Anyone who has ever tried to navigate the seemingly endless bureaucracy of cancelling their Comcast services can rejoice today. People now have the ability to visit airpaperinc.com, fill out their relevant information, and have a form letter sent to Comcast and Time Warner Cable demanding that they cancel their service! This idea was born out of the frustration of Air Paper Inc.’s founder, Earl St Sauver’s, frustrating attempts to cancel his service with Comcast.
Many people feel that customer service should be, well, more customer oriented. I agree. Cancelling a service should be quick and easy. Good companies know that gaining a customer is an expensive undertaking. These companies understand this and do their best to retain as many customers as possible. The truth is that retaining customers isn’t that hard. Provide a superior good or service, charge a reasonable price, and treat your customers with respect…and voila! It’s really not that hard to understand, but I’m all out of crayons and cray paper trying to explain it to the folks over at Comcast.

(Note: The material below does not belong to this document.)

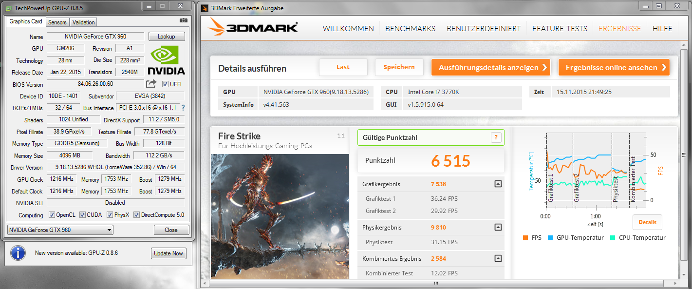 28% weniger als am PC. Ebenso verhält es sich in GTA V. Ob das Bild auf den an die direkt an die GTX 960 angeschlossenen Moni oder auf den Laptop-Moni ausgegeben wird ist unerheblich.
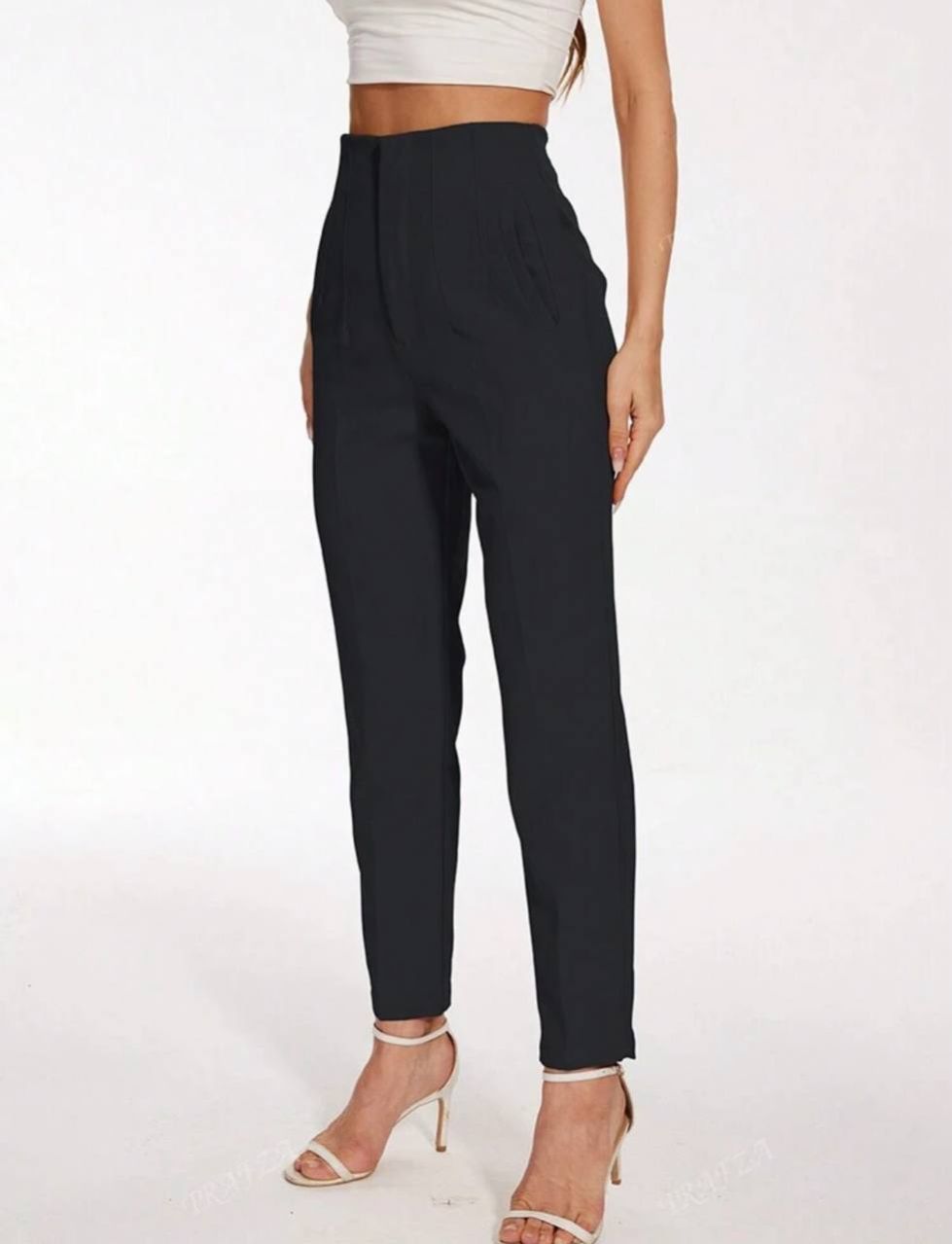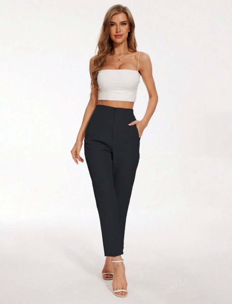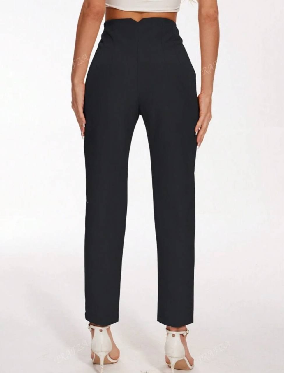 بنطلون نسائي رفيع ذو جيوب جانبية مطوية أنيق للتنقلات

Comcast simply doesn’t offer a superior product, and they most certainly do not offer superior service. The call center is disconnected from the service technicians to the point that the call center employees cannot pick up a phone and call the local technical office to discover what the situation actually is. That’s hard to do when the call center is located half way around the world. It’s even worse when that call center is probably being run in some mother’s basement by a guy who took the job after reading an ad on Craigslist and received his training from a Sally Struther’s correspondence course. For only $19.95 and a goat, you too can become a certified call center representative….

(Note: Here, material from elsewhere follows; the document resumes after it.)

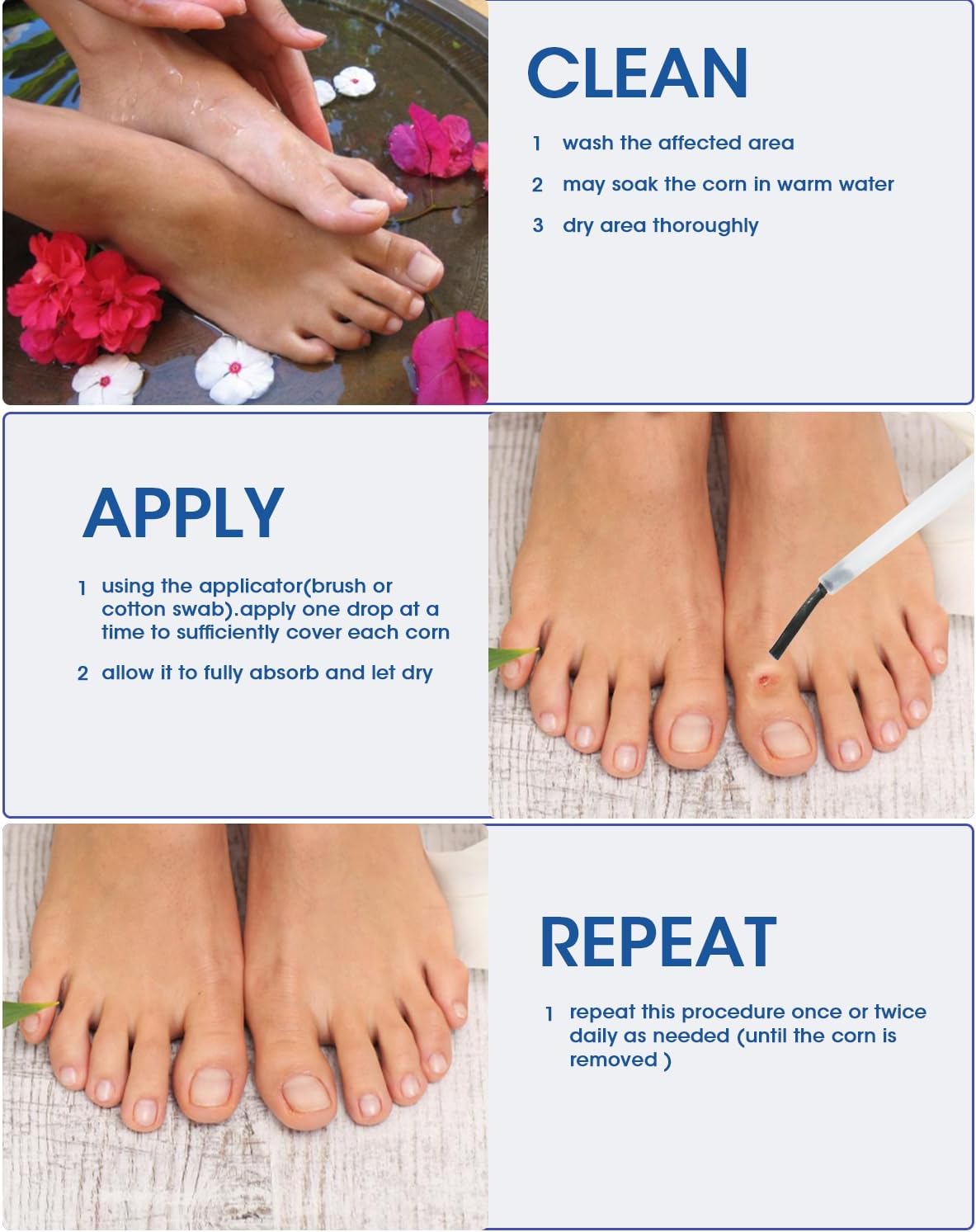 - USE: Wash affected area and dry thoroughly. Apply one drop at a time with applicator, to sufficiently cover each corn/callus; let dry.You can use complimentary cushions with hole centered over corn to relieve pressure

For four months, I spent more time than I care to think about trying to get a temporary cable placed in a permanent place. It took forever to get two Comcast employees to grace my house with their sage like presence. After they finished their coffee, Danishes, and social media status updates, it took them a whopping 45 minutes to fix the issue. For a moment I was happy, but I would have been happier had it not required at least a dozen calls to the Executive Response Team. Which, when you think about it is such an ominous sounding name for something as simple as moving Wire A to Point B. They make something so simple sound like it’s something you’d expect Jack Bauer or James Bond to be doing in their spare time.
Naturally, I would have simply cancelled my Comcast service, but there is no other internet provider that services my area. I guess my teachers were wrong when they said monopolies were a thing of the past, but hey, who am I to complain when my Windows Version 735/5 seems to be working just fine this morning.
Is the airpaper.com method going to be the wave of the future? I hope so because the convenience is undeniable and the way it puts “Big Cable” on the spot is long overdue.